The *voltage* acceleration factor is calculated based on JEDEC formulas [8]:

$$AF_{\rm V} = e^{\beta \,\langle V_S - V_O \rangle} \tag{3}$$

where  $\beta$  is a constant derived experimentally (normally 3.2), V<sub>s</sub> is the stress voltage (1.1 volt in our case) and V<sub>o</sub> is the operating voltage (1volt in our case).

The overall acceleration factor is now calculated to be:

$$AF = AF_T * AF_V \tag{4}$$

In our HTOL test, the stress temperature is 393°K and the stress voltage is 1.1 V. Since our device are target for a harsh environment application, we will consider the operating temperature as 120 °C (393°K) while the operating voltage is 1.1V. From Equation (2), (3) and (4) one can calculate the total acceleration factor to be 1.30.

In the HTOL test, the number (r) of failure processor(s) follows the probability function of the Chi-squared ( $\chi^2$ ) distribution [10].

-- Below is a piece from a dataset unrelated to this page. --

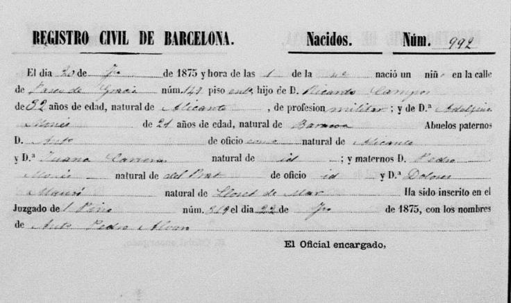 Sabem del seu naixement que va ser el dia 20 de juny (el mes queda poc definit ja que esta abreviat), de 1875 al Passeig de Gracia 147?, on deurien viure, i els seus pares tindrien 32 i 21 anys respectivament.
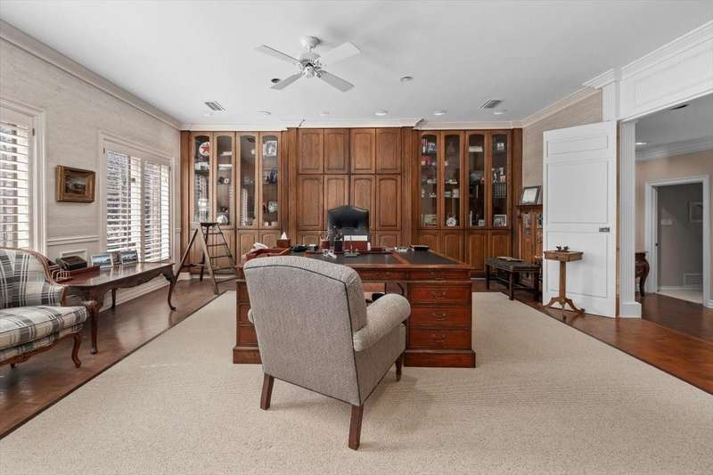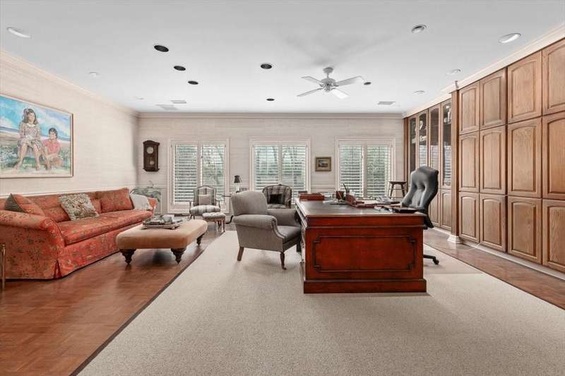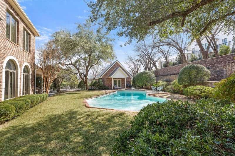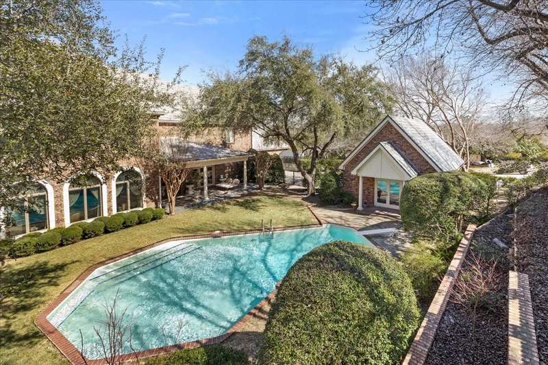Ideally located in Westover Hills, this beautifully appointed traditional home offers 5 bedrooms, 4.5 baths, and approximately 6,700 sq ft of elegant living space. The main-level primary suite features a fireplace, two walk-in closets, and an attached office or exercise room. Gracious formal spaces include a marble-floored entry, library with fireplace, large living room overlooking the pool, and a spacious game room with wet bar. The kitchen features a breakfast area and connects to a large utility room with built-ins. Upstairs are four additional bedrooms and three full baths. Enjoy outdoor living with a covered patio, pool, and pool cabana with bath. Additional features include three fireplaces, a greenhouse, two-car garage, two-car carport, and generous storage throughout.

$$r \sim \frac{\chi^2(\alpha, v)}{2} , \qquad (5)$$

where  $\chi^2$  /2 (Chi-squared/2) denotes the probability estimation for the number of failed processor(s). The parameter  $\alpha$ , the confidence level (CL) or probability, is the applicable area under the  $\chi^2$  probability distribution curve; for calculating the reliability one normally uses  $\alpha = 0.6$  (or 60%). The parameter  $\nu$ , being the degree of freedom (DF), determines the shape of the  $\chi^2$  curve; normally reliability calculations often use  $\nu = 2r + 2$ . After the HTOL test, no failed processor was found, and hence the  $\chi^2$  therefore equals to 1.832 according to the  $\chi^2$  constant table. The mean lifetime equals to the total testing hours by  $\chi^2/2$  (replacement for the number of failed processors):

$$Mean \ lifetime = \frac{ELT}{r} \sim \frac{2 * ELT}{\chi^2(\alpha, \upsilon)} \\ = \frac{2 * AF * D * H}{\chi^2(\alpha, \upsilon)}$$
(6)

Since there are in total 46 chips tested with 1000 hours HTOL stress time by us, the mean lifetime under the normal operating condition calculated from Equation (6) is  $6.52*10^4$  hours (7.44 years). The mean remaining lifetime after the HTOL test for the chips will be the subtraction from the whole lifetime to the aged time, which is  $6.38*10^4$  hours

### IV. THE REMAINING LIFETIME PREDICTION BASED ON GENETIC ALGORITHMS

#### A. Overview of data-driven based lifetime prediction

Basically, estimation of the remaining lifetime for a target device is based on collected history data and its current status. Target chips will eventually fail if health monitor parameters just reach a specified failure threshold. From the current status time t(i) up to the failure time *T* is referred to as the remaining lifetime. Therefore the crucial issue is to build one *degradation trend/model* based on known history data.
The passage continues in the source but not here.